* [What to do] Please output exactly the lines below, starting at the line that has "Practice Quiz Question" and ending at the line that has "アメリカンレトロワイドレッグ", both included; leave out all pictures and include nothing else.

* [Dataset records]
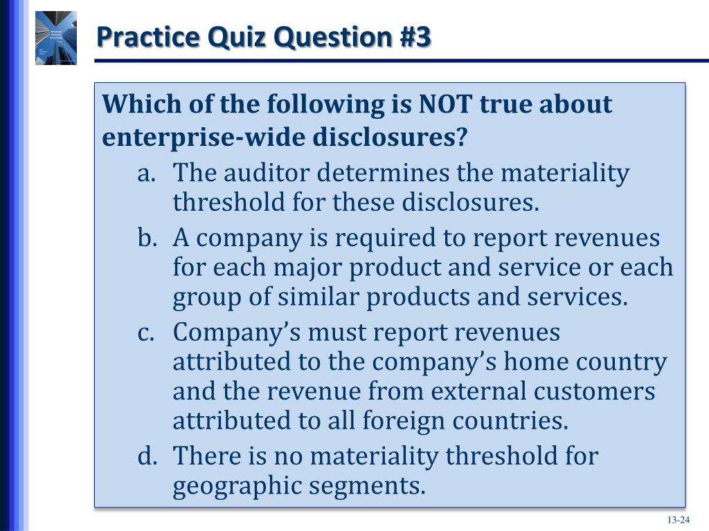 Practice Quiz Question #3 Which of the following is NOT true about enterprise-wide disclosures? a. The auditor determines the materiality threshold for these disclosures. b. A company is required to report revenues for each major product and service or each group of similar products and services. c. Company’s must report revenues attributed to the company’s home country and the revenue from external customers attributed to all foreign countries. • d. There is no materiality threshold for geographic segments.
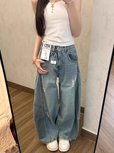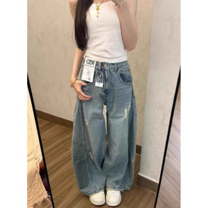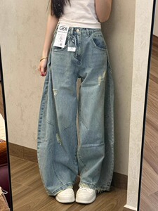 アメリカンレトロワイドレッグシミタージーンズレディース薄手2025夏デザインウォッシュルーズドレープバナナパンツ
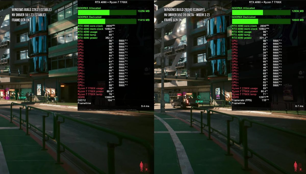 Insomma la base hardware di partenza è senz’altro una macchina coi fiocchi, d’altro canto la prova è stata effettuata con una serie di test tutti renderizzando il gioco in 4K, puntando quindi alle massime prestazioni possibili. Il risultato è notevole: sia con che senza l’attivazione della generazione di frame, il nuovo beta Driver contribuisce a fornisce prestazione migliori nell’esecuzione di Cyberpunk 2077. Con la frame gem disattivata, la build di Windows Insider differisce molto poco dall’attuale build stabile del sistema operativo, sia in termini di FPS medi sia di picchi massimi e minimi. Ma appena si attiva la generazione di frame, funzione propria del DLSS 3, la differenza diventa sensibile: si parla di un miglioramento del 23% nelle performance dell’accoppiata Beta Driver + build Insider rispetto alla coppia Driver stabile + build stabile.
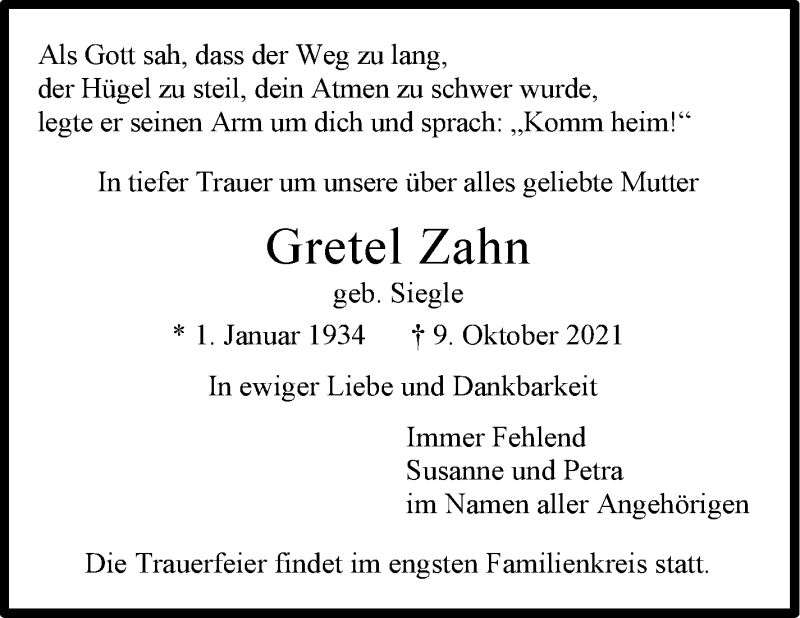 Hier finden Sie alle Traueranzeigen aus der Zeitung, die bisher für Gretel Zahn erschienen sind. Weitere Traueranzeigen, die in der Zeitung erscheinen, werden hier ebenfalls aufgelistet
--
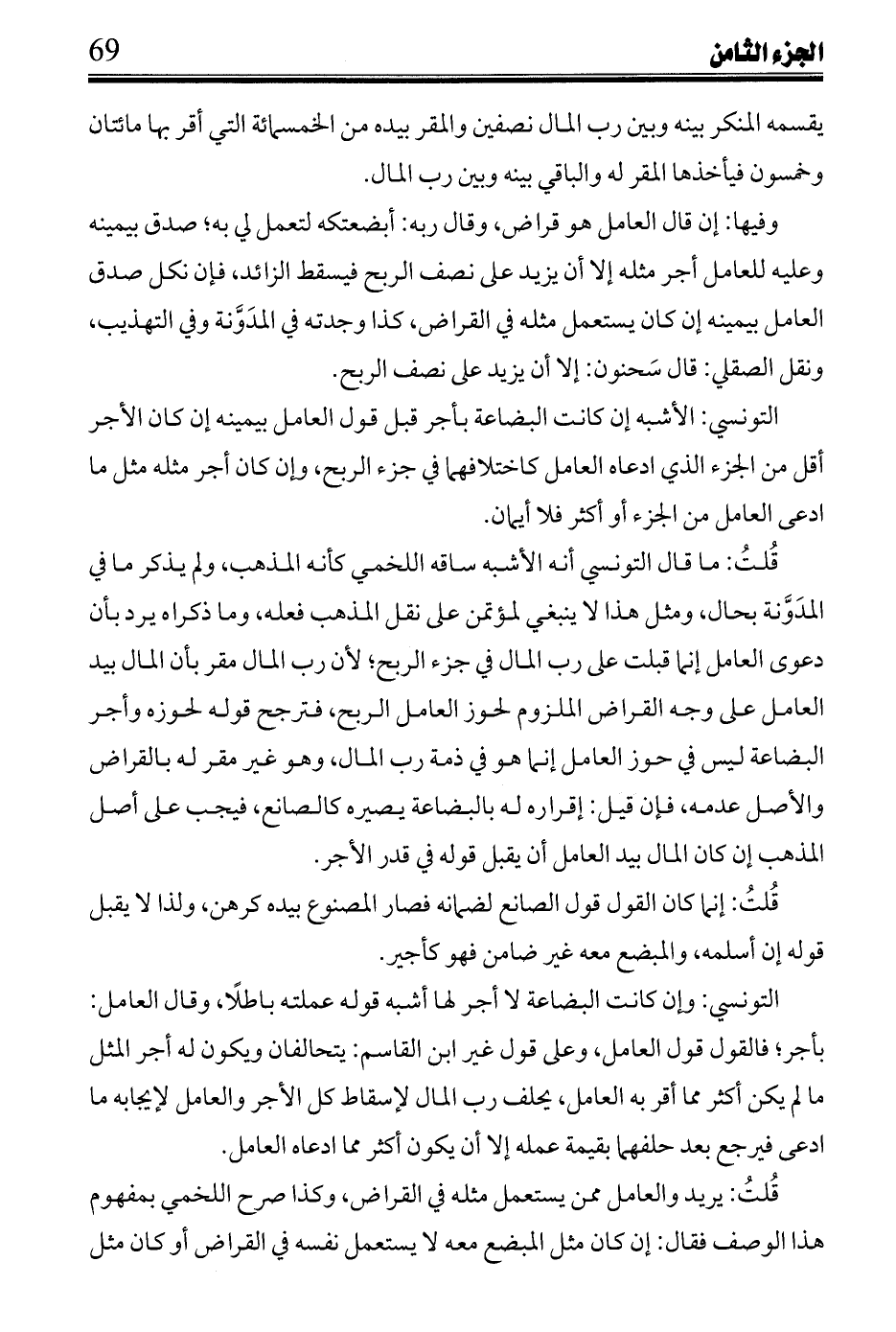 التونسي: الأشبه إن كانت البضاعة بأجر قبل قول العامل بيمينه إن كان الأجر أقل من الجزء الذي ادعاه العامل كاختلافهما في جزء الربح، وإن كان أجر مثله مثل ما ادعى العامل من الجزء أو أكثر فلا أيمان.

* [Answer for this exercise]
 Practice Quiz Question #3 Which of the following is NOT true about enterprise-wide disclosures? a. The auditor determines the materiality threshold for these disclosures. b. A company is required to report revenues for each major product and service or each group of similar products and services. c. Company’s must report revenues attributed to the company’s home country and the revenue from external customers attributed to all foreign countries. • d. There is no materiality threshold for geographic segments.
 アメリカンレトロワイドレッグシミタージーンズレディース薄手2025夏デザインウォッシュルーズドレープバナナパンツ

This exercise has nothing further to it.